R Graphical Manual

Browse All

Last data update: 2014.03.03

R: Multiplicative lognormal replacement

multLN

R Documentation

Multiplicative lognormal replacement

Description

This function implements model-based multiplicative lognormal imputation of left-censored values (e.g. values below detection limit, rounded zeros) in compositional data sets.

Usage

multLN(X, label = NULL, dl = NULL, rob = FALSE, random = FALSE)

Arguments

`X`	Compositional data set (`matrix` or `data.frame` class).
`label`	Unique label (`numeric` or `character`) used to denote unobserved left-censored values in `X`.
`dl`	Numeric vector or matrix of detection limits/thresholds. These must be given on the same scale as `X`.
`rob`	Logical value. `FALSE` provides maximum-likelihood estimates of model parameters (default), `TRUE` provides robust estimates (see `NADA` package for details).
`random`	Logical value. `FALSE` imputes using the estimated geometric mean of the values < threshold (default). `TRUE` imputes using random values below the limit of detection.

Details

This function imputes left-censored compositional values by the estimated geometric mean of the values below the corresponding limit of detection or censoring threshold and applies a multiplicative adjustment to preserve the multivariate compositional properties of the samples. It depends on package NADA to produce the required model parameter estimates (either maximum likelihood or robust regression on order statistics). It allows for either single (vector form) or multiple (matrix form, same size as X) limits of detection by component. Any threshold value can be set for non-censored elements (e.g. use 0 if no threshold for a particular column or element of the data matrix).

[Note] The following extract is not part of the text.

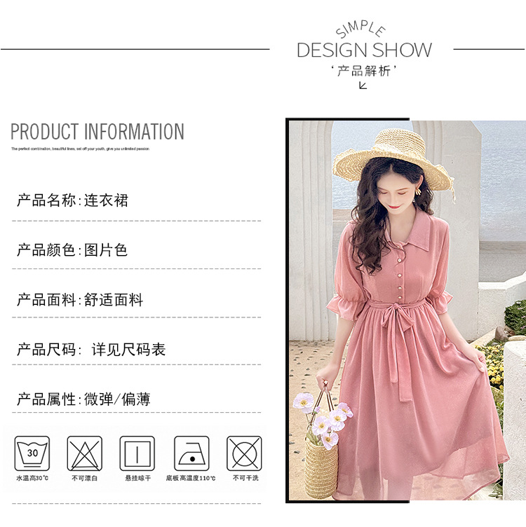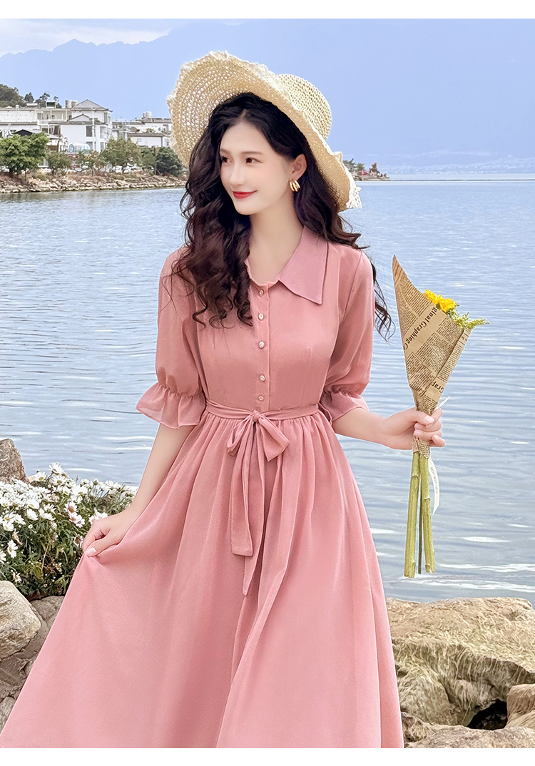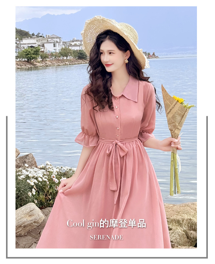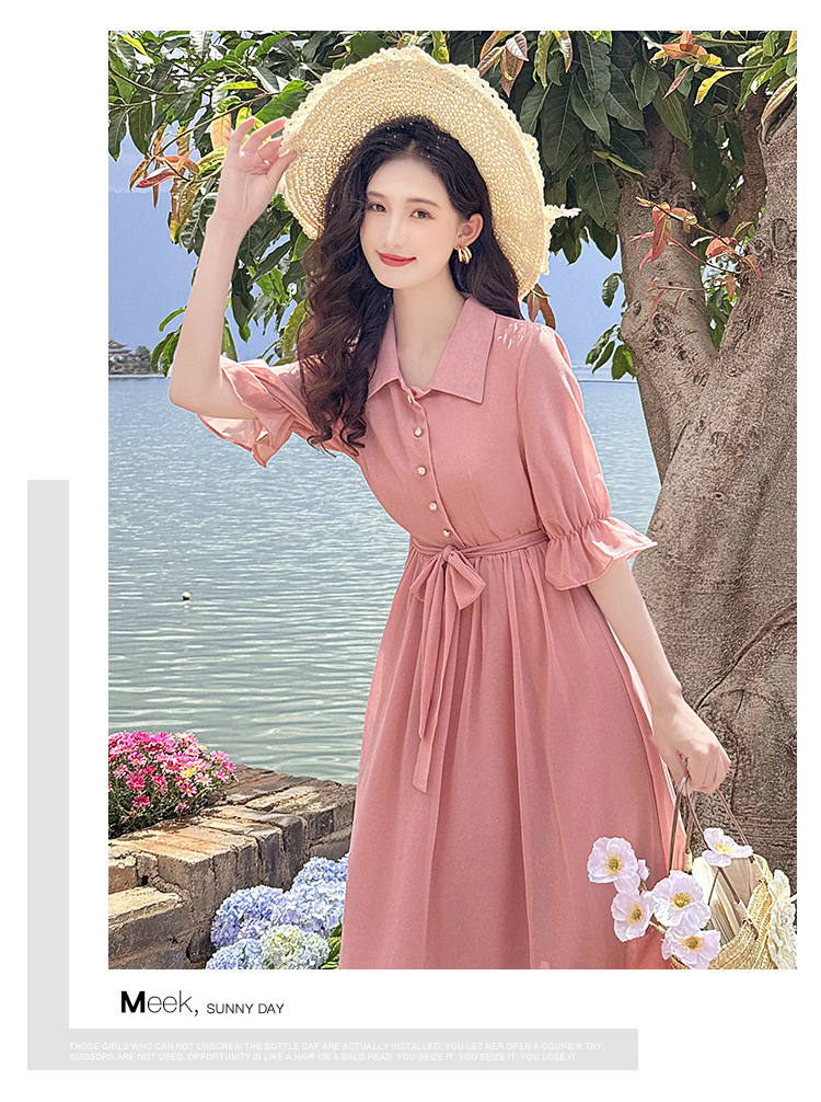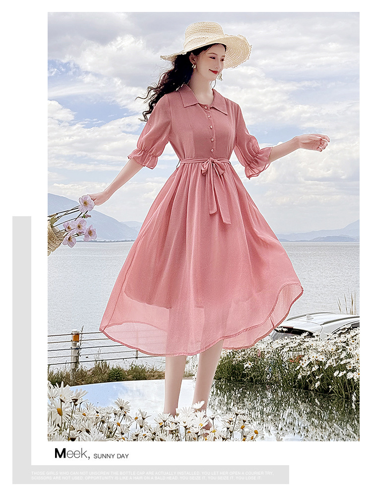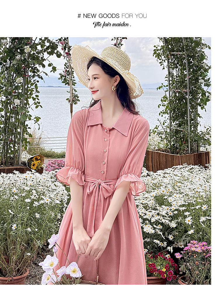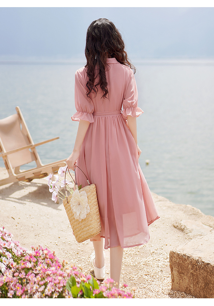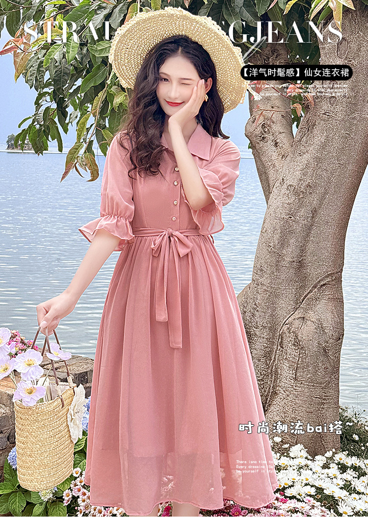 재고 2024 여름 새로운 차 브레이크 프랑스 스타일 모리 예술 핑크 쉬폰 스위트 레이디 셔츠 원피스

It produces an imputed data set on the same scale as the input data set. If X is not closed to a constant sum, then the results are adjusted to provide a compositionally equivalent data set, expressed in the original scale, which leaves the absolute values of the observed components unaltered. Note that a normal distribution on the positive real line is considered. That is, it is defined with respect to a measure according to own geometry of the positive real line, instead of the standard lognormal based on the Lebesgue measure in real space.

Value

A data.frame object containing the imputed compositional data set.

References

Mateu-Figueras G, Pawlowsky-Glahn V, Egozcue JJ. The normal distribution in some constrained sample spaces. SORT 2013; 37(1): 29-56.

Palarea-Albaladejo J, Martin-Fernandez JA. Values below detection limit in compositional chemical data. Analytica Chimica Acta 2013; 764: 32-43. DOI: http://dx.doi.org/10.1016/j.aca.2012.12.029.

Examples

# Data set closed to 100 (percentages, common dl = 1%)
X <- matrix(c(26.91,8.08,12.59,31.58,6.45,14.39,
              39.73,26.20,0.00,15.22,6.80,12.05,
              10.76,31.36,7.10,12.74,31.34,6.70,
              10.85,46.40,31.89,10.86,0.00,0.00,
              7.57,11.35,30.24,6.39,13.65,30.80,
              38.09,7.62,23.68,9.70,20.91,0.00,
              27.67,7.15,13.05,32.04,6.54,13.55,
              44.41,15.04,7.95,0.00,10.82,21.78,
              11.50,30.33,6.85,13.92,30.82,6.58,
              19.04,42.59,0.00,38.37,0.00,0.00),byrow=TRUE,ncol=6)
              
X_multLN <- multLN(X,label=0,dl=rep(1,6))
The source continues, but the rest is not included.